On-call support
In a hurry? You may be looking for So, you’re having an incident!
GOV.UK developers are part of an on-call rota to keep GOV.UK running 24/7. Engineers are enrolled onto the in-hours rota first, then onto the out-of-hours rota once they’ve built up enough experience (see Rules for Primary, Secondary and On Call).
On call charter
- Prepare for your shift by following the steps in the On-call Trello card template
- Be available to be phoned during your allocated shift
- Be able to be online to start investigating a problem within half an hour of being notified about it
- Don’t worry if you’re not able to answer the phone immediately - that’s why we have more than one person on-call
- Nobody is expected to understand every part of GOV.UK - you don’t need to know how to fix every issue on your own
- Logs are not as important as being available - if you need to lose some logs in order to bring the site back up, that’s probably a good trade-off to make
- Get paid. Make sure you submit your payment claim form after your shift. Payment rates can be found on the GDS Wiki.

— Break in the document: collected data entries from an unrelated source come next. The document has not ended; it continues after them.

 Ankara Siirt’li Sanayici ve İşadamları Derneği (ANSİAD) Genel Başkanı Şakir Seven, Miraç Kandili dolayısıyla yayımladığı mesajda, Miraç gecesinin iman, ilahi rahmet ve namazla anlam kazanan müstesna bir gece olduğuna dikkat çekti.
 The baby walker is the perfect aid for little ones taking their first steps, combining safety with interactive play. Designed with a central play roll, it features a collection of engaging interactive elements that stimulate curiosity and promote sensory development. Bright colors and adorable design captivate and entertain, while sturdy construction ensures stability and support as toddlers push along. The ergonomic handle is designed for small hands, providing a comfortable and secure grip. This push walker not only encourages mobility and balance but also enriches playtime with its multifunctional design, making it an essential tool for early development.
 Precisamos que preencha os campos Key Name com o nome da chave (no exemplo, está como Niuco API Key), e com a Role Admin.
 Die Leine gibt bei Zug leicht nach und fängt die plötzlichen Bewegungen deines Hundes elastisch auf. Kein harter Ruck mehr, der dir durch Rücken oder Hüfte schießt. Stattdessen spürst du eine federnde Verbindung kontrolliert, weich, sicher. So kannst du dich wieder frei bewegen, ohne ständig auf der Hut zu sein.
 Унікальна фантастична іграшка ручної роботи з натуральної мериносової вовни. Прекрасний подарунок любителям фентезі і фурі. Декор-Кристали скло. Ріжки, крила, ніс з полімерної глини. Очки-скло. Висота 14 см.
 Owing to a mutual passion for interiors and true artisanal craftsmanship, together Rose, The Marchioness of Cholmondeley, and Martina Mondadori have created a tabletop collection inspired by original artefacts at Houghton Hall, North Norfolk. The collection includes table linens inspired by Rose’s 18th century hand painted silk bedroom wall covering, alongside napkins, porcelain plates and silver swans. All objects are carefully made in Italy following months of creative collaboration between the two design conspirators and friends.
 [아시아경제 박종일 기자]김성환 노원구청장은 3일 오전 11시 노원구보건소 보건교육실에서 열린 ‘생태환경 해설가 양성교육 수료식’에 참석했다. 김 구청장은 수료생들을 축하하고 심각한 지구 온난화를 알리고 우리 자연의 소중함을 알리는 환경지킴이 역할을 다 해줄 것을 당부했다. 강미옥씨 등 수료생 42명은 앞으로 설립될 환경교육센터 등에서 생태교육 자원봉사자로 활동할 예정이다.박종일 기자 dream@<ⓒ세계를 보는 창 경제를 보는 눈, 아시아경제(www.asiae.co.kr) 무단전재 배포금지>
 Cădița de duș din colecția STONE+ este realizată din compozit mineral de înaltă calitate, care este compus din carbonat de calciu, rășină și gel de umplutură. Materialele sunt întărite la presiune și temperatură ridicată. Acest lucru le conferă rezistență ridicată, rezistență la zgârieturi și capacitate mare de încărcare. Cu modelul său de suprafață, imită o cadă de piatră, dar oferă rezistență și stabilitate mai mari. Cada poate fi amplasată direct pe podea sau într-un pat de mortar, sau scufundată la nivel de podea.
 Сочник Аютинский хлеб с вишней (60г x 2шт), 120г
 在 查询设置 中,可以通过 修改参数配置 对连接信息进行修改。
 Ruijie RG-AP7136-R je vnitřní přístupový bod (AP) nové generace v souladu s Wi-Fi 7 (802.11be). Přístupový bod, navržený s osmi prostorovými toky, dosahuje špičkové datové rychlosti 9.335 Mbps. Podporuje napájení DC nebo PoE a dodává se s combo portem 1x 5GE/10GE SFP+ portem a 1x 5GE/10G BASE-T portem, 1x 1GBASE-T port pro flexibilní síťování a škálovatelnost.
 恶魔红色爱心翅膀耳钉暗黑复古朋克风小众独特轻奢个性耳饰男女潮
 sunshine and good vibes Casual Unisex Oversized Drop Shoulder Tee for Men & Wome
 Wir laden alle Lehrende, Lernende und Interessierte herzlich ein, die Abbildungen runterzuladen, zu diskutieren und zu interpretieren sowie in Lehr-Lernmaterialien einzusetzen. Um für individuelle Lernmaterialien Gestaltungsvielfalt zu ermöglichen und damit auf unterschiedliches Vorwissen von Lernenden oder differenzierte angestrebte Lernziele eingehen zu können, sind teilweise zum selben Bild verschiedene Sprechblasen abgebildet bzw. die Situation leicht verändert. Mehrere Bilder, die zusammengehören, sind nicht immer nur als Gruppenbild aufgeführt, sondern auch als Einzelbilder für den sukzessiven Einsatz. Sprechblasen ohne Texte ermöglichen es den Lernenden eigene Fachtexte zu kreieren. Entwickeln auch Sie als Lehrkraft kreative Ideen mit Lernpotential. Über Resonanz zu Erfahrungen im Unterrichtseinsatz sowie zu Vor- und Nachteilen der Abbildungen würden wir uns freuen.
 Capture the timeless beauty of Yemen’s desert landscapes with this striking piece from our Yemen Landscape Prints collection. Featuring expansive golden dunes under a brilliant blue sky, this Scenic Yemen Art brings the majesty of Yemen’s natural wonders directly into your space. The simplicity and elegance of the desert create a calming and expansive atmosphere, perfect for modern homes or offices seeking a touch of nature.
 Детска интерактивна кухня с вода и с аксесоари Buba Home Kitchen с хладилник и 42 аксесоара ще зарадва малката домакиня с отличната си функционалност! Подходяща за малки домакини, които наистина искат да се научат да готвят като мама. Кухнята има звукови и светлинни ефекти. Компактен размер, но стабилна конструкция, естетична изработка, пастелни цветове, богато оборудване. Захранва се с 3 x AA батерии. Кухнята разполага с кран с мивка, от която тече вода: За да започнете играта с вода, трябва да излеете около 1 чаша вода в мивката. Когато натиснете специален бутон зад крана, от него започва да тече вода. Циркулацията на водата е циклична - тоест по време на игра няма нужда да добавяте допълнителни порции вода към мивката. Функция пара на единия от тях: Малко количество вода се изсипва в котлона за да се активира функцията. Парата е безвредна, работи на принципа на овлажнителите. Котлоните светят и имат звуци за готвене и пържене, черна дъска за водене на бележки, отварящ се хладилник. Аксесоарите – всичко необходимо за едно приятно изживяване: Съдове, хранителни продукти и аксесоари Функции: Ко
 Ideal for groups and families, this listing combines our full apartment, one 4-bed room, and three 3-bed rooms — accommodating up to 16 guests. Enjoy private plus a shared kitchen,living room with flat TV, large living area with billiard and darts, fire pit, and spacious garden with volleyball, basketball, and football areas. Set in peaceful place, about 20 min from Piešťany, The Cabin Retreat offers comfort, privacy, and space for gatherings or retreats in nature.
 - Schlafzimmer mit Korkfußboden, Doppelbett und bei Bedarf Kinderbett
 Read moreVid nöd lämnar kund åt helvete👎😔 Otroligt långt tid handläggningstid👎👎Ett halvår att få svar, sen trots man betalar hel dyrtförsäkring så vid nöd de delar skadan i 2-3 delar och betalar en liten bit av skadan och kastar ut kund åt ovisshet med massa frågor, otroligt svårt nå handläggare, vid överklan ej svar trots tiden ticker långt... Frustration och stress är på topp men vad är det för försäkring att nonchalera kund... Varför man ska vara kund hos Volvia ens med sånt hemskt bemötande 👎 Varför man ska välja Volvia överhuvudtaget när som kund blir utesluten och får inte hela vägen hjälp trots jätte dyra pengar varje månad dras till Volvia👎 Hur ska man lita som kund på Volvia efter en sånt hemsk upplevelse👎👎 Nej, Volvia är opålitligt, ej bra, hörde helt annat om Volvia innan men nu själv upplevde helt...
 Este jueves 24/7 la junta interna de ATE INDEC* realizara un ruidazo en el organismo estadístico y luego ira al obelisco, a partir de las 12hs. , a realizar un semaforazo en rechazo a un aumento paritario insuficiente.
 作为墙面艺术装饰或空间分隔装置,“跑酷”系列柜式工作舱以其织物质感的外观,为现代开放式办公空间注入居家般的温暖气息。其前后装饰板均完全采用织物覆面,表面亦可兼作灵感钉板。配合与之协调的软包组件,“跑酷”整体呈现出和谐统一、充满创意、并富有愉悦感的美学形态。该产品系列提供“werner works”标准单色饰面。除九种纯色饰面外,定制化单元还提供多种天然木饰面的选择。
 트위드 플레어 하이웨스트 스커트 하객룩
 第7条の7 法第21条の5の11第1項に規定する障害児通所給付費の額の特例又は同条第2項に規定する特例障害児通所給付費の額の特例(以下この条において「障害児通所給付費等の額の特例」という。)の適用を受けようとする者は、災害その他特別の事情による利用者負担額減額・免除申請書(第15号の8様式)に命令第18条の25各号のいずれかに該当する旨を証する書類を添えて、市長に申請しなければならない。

Things that may result in you being contacted
Automated monitoring
We use PagerDuty for automated monitoring. You can update your notification rules in your PagerDuty account to notify you however you want (phone call, SMS, email, push notification). There are 2 ways that this might contact you:
Alertmanager alerts
Any checks that use severity: page
will cause PagerDuty to be notified:
- Travel Advice or Drug and Medical Device emails not going out
- Overdue publications in Whitehall
- Scheduled publications in Whitehall not queued
- High error ratio for requests to Router
- Low disk space on Redis instances
You can get the most up to date list of these by searching the govuk-helm-charts repo for severity: page
.
Pingdom alerts
We have downtime checks configured in Pingdom which notify Pagerduty directly rather than using GOV.UK’s internal monitoring. They are all configured in Pingdom to:
- be considered down after 30 seconds
- a check interval of 1 min
- send an alert after 5 mins
They are useful when network access to all machines running GOV.UK is down. These are set up for key parts of the website such as:
- Assets (assets.publishing.service.gov.uk)
- Bouncer canary
- GOV.UK homepage
- S3 mirror (London) and S3 Mirror Replica (Ireland)
- data.gov.uk
Phone calls from people
Senior members of GOV.UK may phone you if they’ve been contacted by other parts of government. These phone calls will generally come from the group that is on the rota for the ‘Escalations’ contact number.
Emergency publishing
The GOV.UK on-call escalations contact will call you to carry this out. See the deploy an emergency banner doc for more information.
Updating the homepage
You might be asked to update the homepage promotion slots to highlight important information on GOV.UK.
Responding to being contacted
Automated monitoring
If you’re available to investigate the problem, acknowledge the alert in PagerDuty to prevent the next person being phoned.
Try to diagnose what the problem is. If you’re comfortable that you understand the problem there’s no need to escalate to the next person. If you’re not sure you completely understand what’s going on, it’s better to escalate the alert in PagerDuty.
If you escalate a problem, stay online to support the other person and to increase your understanding of what’s going on. If a problem is escalated to you, explain what you’re doing to the person who escalated to you.
If the technical people on-call don’t understand what’s going on, the final escalation will be to a senior member of GOV.UK who can make a decision about how serious the problem is and contact other people on GOV.UK if required.
Phone calls from people
If you’re phoned by somebody who works on GOV.UK it’s likely that this is because:
- There’s a serious issue with the site which somebody else in government has noticed
- Government has decided to do emergency publishing
There’s a separate process for urgent changes to content which doesn’t require technical support (assuming everything is working).